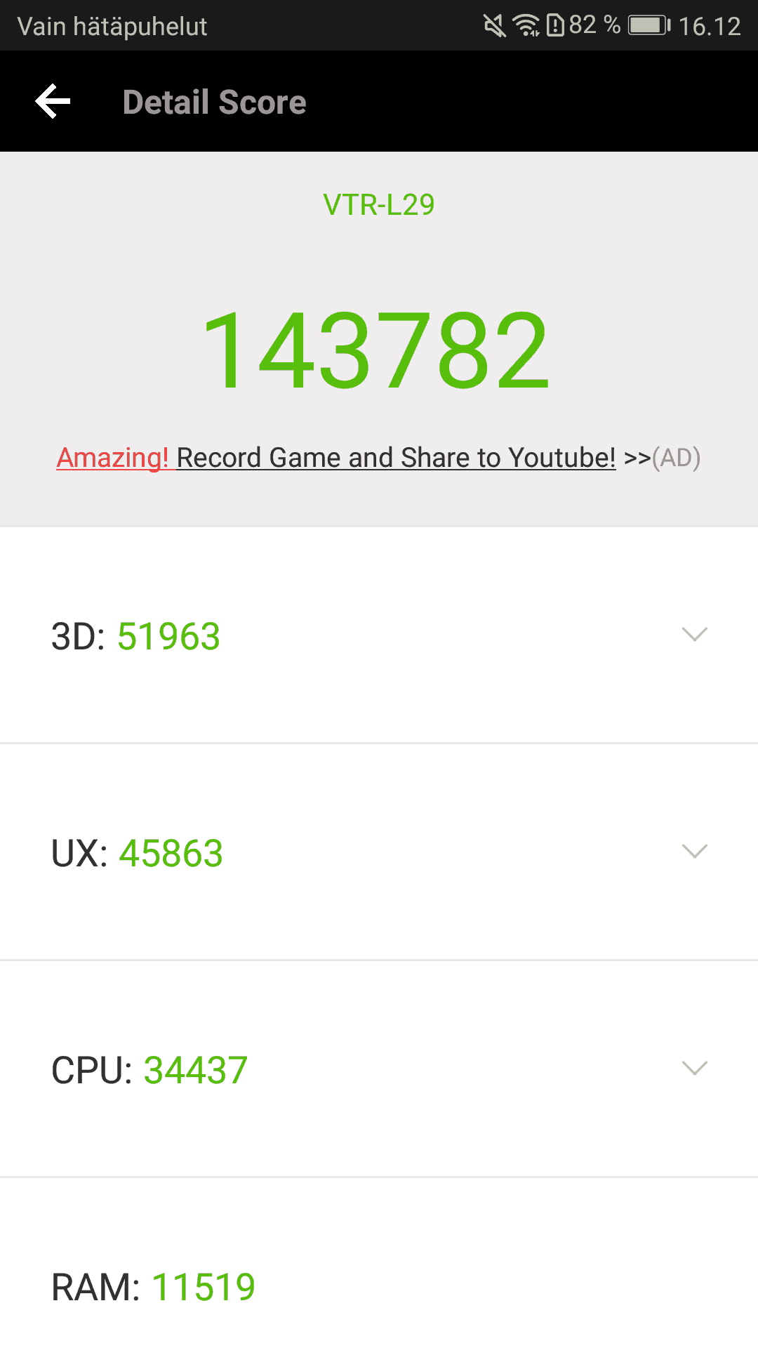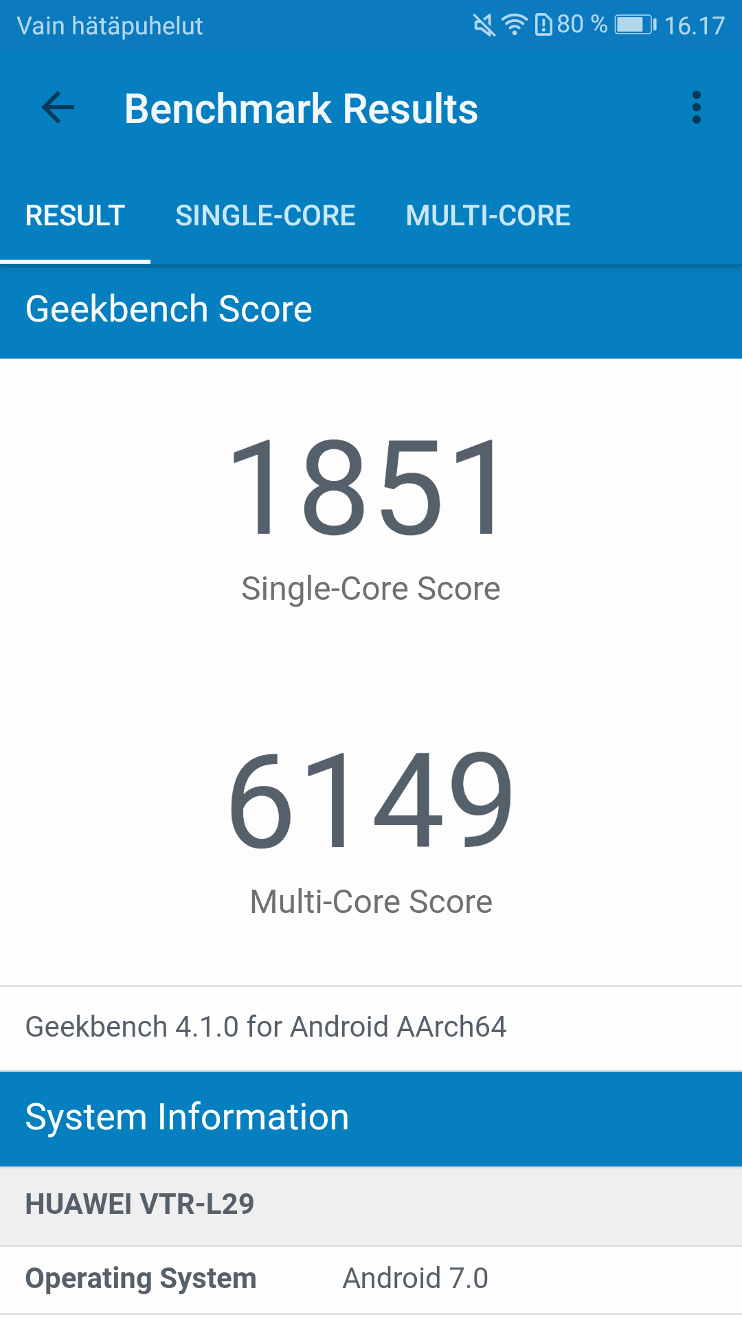 Huawei P10 ei siis kompastu ainakaan suorituskyvyn puutteeseen, sillä Kirin 960 on eri mittauksissa yksi markkinoiden kyvykkäimmistä järjestelmäpiireistä. Päivittäisessä aktiivisessa käytössä minulla ei tullut vastaan suorituskykyyn viittaavia ongelmia. Puhelin selviytyi hienosti raskaampiakin pelejä pelatessa, enkä huomannut mitään ongelmia.
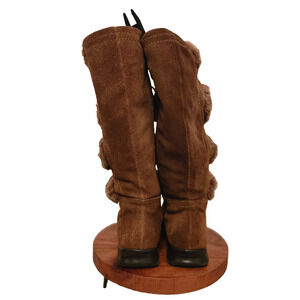 Sonoma Brown Suede Tall booths with Ties Faux Fur Size 6 Boho
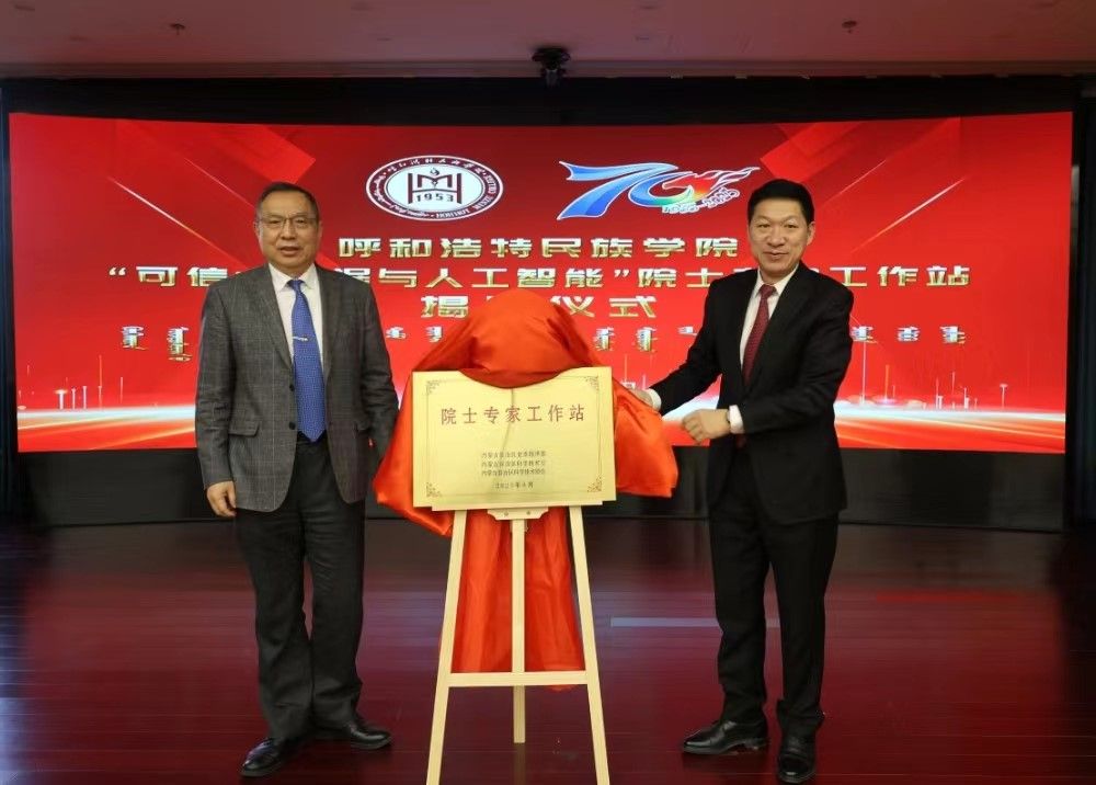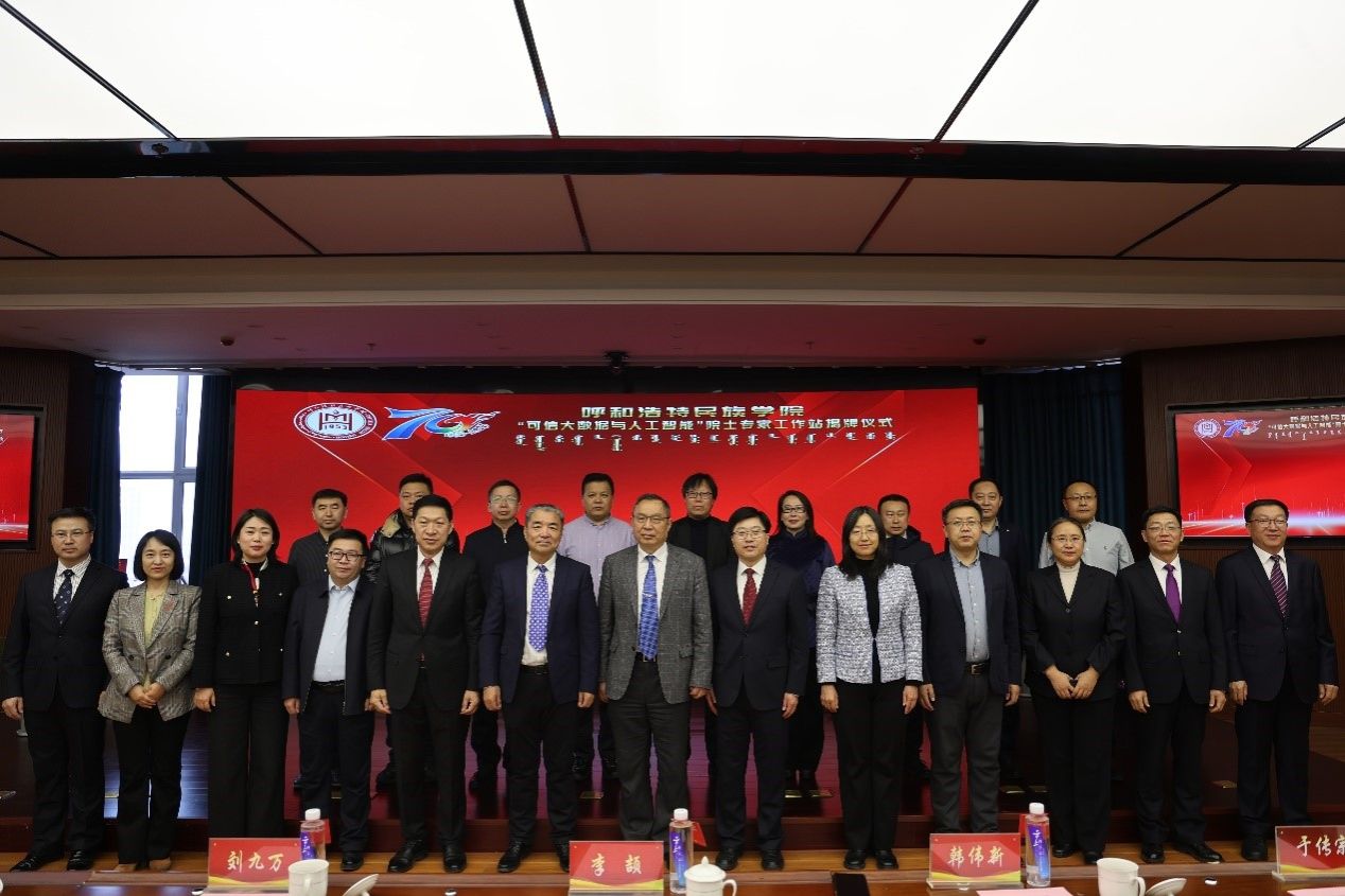 在学校喜迎建校70周年之际,12月18日下午,Beat365唯一官方网站“可信大数据与人工智能”院士专家工作站揭牌仪式在学校综合楼12楼隆重举行。上海交通大学李颉院士、自治区科学技术协会一级巡视员格日乐图、内蒙古大数据中心副主任高静、自治区农牧业科学院副院长于传宗,自治区科技厅国际合作处处长史广旭、自治区农牧业科学院研究员王保林、内蒙古大学教务处处长周建涛,内蒙古师范大学计算机科学技术学院副院长斯琴图及校党委书记刘九万,党委副书记、校长韩伟新等全体校领导出席揭牌仪式。学校党委委员、副校长高喜天主持揭牌仪式。

==================================================

Exercise:
Give the data again exactly as it appears, but without any images.

Reply to the exercise:
 Huawei P10 ei siis kompastu ainakaan suorituskyvyn puutteeseen, sillä Kirin 960 on eri mittauksissa yksi markkinoiden kyvykkäimmistä järjestelmäpiireistä. Päivittäisessä aktiivisessa käytössä minulla ei tullut vastaan suorituskykyyn viittaavia ongelmia. Puhelin selviytyi hienosti raskaampiakin pelejä pelatessa, enkä huomannut mitään ongelmia.
 Sonoma Brown Suede Tall booths with Ties Faux Fur Size 6 Boho
 在学校喜迎建校70周年之际,12月18日下午,Beat365唯一官方网站“可信大数据与人工智能”院士专家工作站揭牌仪式在学校综合楼12楼隆重举行。上海交通大学李颉院士、自治区科学技术协会一级巡视员格日乐图、内蒙古大数据中心副主任高静、自治区农牧业科学院副院长于传宗,自治区科技厅国际合作处处长史广旭、自治区农牧业科学院研究员王保林、内蒙古大学教务处处长周建涛,内蒙古师范大学计算机科学技术学院副院长斯琴图及校党委书记刘九万,党委副书记、校长韩伟新等全体校领导出席揭牌仪式。学校党委委员、副校长高喜天主持揭牌仪式。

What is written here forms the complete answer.